**TO DO**
Task for the records below: please retype exactly and only the lines from the first through the one with "<B>Constans II.</B></I> A.D.", with every picture omitted.
=== RECORDS FOR THIS EXERCISE ===
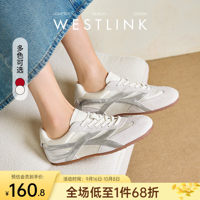 西遇平底德训鞋女2025新款秋季百搭方头小白鞋轻便软底红色运动鞋 米色 39 (245)
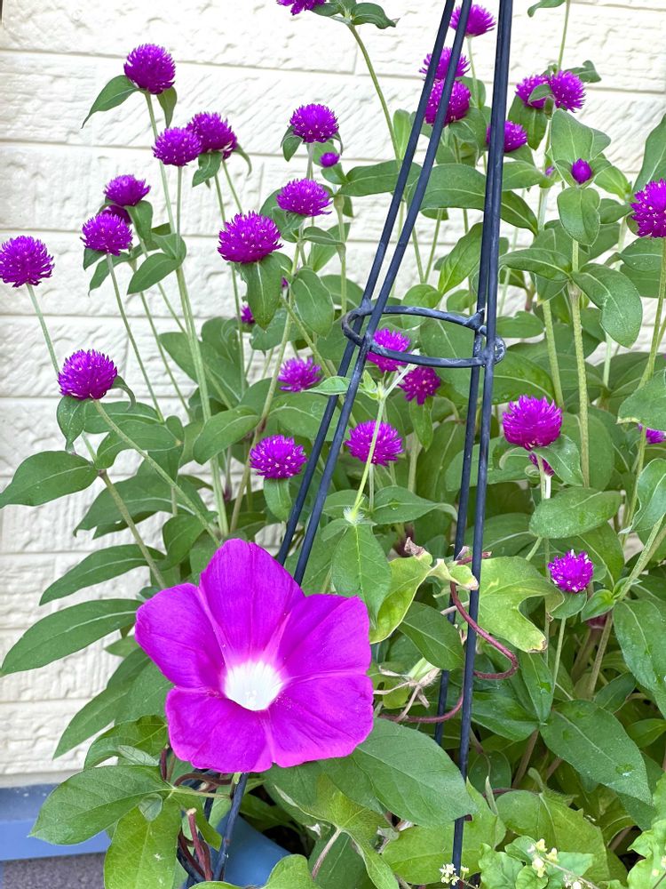 ②おんなじ色の朝顔と千日紅💜
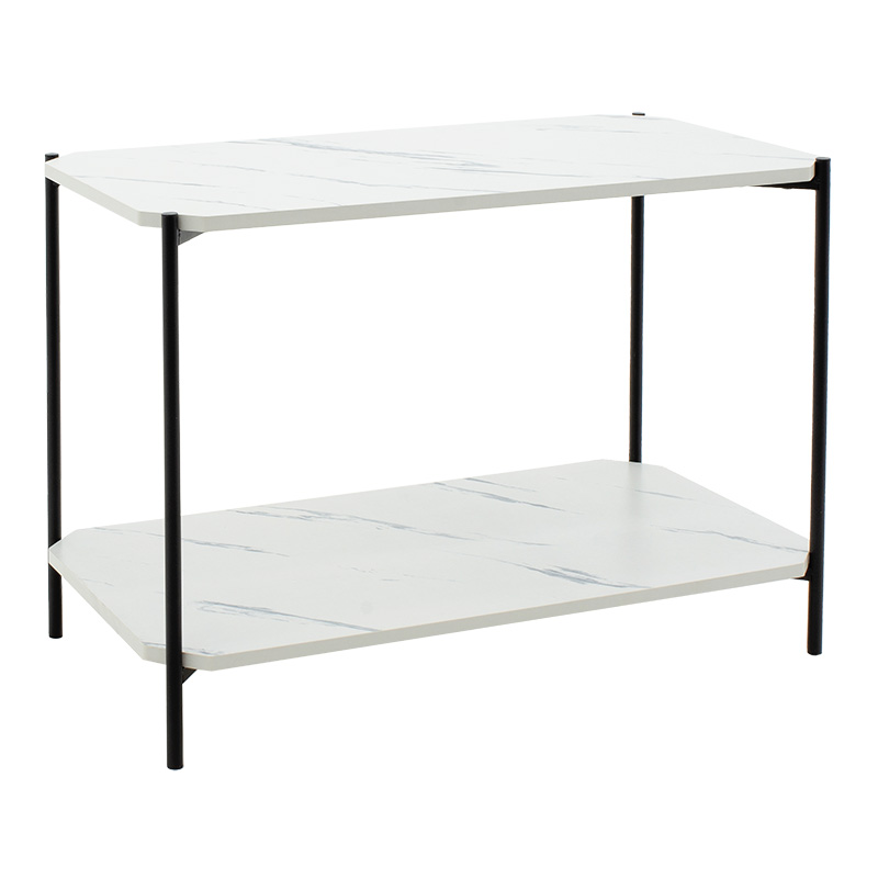 Pakoworld Βοηθητικό τραπέζι Mara MDF λευκό μαρμάρου-μαύρο 80x40x55cm
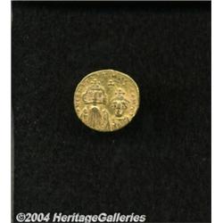 <B>Constans II.</B></I> A.D. 641-668. AV solidus (20 mm, 4.44 g). Constantinople, A.D. 654-659. Crowned facing busts of Constans and Constantine; cross between their heads / Cross potent on three steps; E/CONOB. DOC 25d; SB 959. VF, graffiti in fields. <BR><I>From the Geneva Collection.</B></I> <BR><BR><B>Important notice:</B> Heritage usually auctions material at the rate of 200-250 lots per hour. On some occasions eBay Live bid software or the Internet may not be able to keep up with the pace of the auction. We recommend placing a realistic absentee bid now as insurance to avoid disappointment. Occasionally the auctioneer may eliminate or reject an eBay Live bid, and the auctioneer may also reopen a lot after the close of the eBay live bidding (usually because we missed an audience bid), and may reject your bid even if it shows you as the winning bidder. By bidding via eBay Live, you agree that Heritage may award the lot to another bidder at its sole discretion under the circumstances described above or any other reasonable circumstances. Since eBay bids are not shown to us until we open the lot on the floor, we treat those bids just like floor bids. In most cases the floor responds before the eBay bid is presented to us, due to Internet lag time, so for consistency we have made it a policy that floor bids are always considered first over tie eBay live bids. Also please note that all Heritage lots purchased through eBay Live carry a 20% Buyer's Premium. Please make sure you read the Terms and Conditions before you bid.
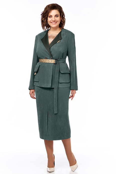 Шикарный костюм тройка из мягкого приятного велюра. Жакет без подкладки, полуприлегающего силуэта, с втачными рукавами, с двубортной застежкой на две петли и пуговицы. Жакет без воротника с отложными лацканами из отделочной ткани. Также отдека используется на рукавах и карманах настрочных на полочке, еще для отделки используется тесьма на клапане, поясе из основной ткани и лацкане. Блузка полуприлегающего силуэта со спущенным рукавом, в боковых швах разрезы. Юбка удлиненная, прямого силуэта. слегка заужена к нзу. По центру спереди разрез, застежка по спинке на пуговицу и тесьму -молнию.
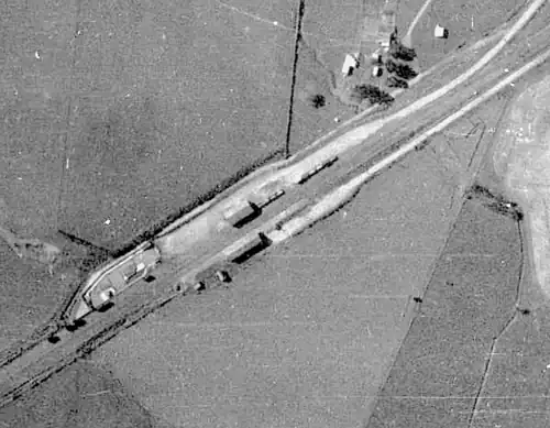 On 11 June 1939 the station was moved about 440 yd (400 m) north-westwards,[12][13] from its original site to the east of Cliff Road.[14] The move, which had been planned in 1915,[15] was associated with work starting in 1935,[16] and for which £4,989[17] was funded in 1938,[18] to ease the gradient and curve on the bank between Greatford and Kakariki[12] to 1 in 70.[19] The realigned curve opened in March 1939 and eliminated two level crossings.[20]
===
**SOLVED PROBLEM**
 西遇平底德训鞋女2025新款秋季百搭方头小白鞋轻便软底红色运动鞋 米色 39 (245)
 ②おんなじ色の朝顔と千日紅💜
 Pakoworld Βοηθητικό τραπέζι Mara MDF λευκό μαρμάρου-μαύρο 80x40x55cm
 <B>Constans II.</B></I> A.D. 641-668. AV solidus (20 mm, 4.44 g). Constantinople, A.D. 654-659. Crowned facing busts of Constans and Constantine; cross between their heads / Cross potent on three steps; E/CONOB. DOC 25d; SB 959. VF, graffiti in fields. <BR><I>From the Geneva Collection.</B></I> <BR><BR><B>Important notice:</B> Heritage usually auctions material at the rate of 200-250 lots per hour. On some occasions eBay Live bid software or the Internet may not be able to keep up with the pace of the auction. We recommend placing a realistic absentee bid now as insurance to avoid disappointment. Occasionally the auctioneer may eliminate or reject an eBay Live bid, and the auctioneer may also reopen a lot after the close of the eBay live bidding (usually because we missed an audience bid), and may reject your bid even if it shows you as the winning bidder. By bidding via eBay Live, you agree that Heritage may award the lot to another bidder at its sole discretion under the circumstances described above or any other reasonable circumstances. Since eBay bids are not shown to us until we open the lot on the floor, we treat those bids just like floor bids. In most cases the floor responds before the eBay bid is presented to us, due to Internet lag time, so for consistency we have made it a policy that floor bids are always considered first over tie eBay live bids. Also please note that all Heritage lots purchased through eBay Live carry a 20% Buyer's Premium. Please make sure you read the Terms and Conditions before you bid.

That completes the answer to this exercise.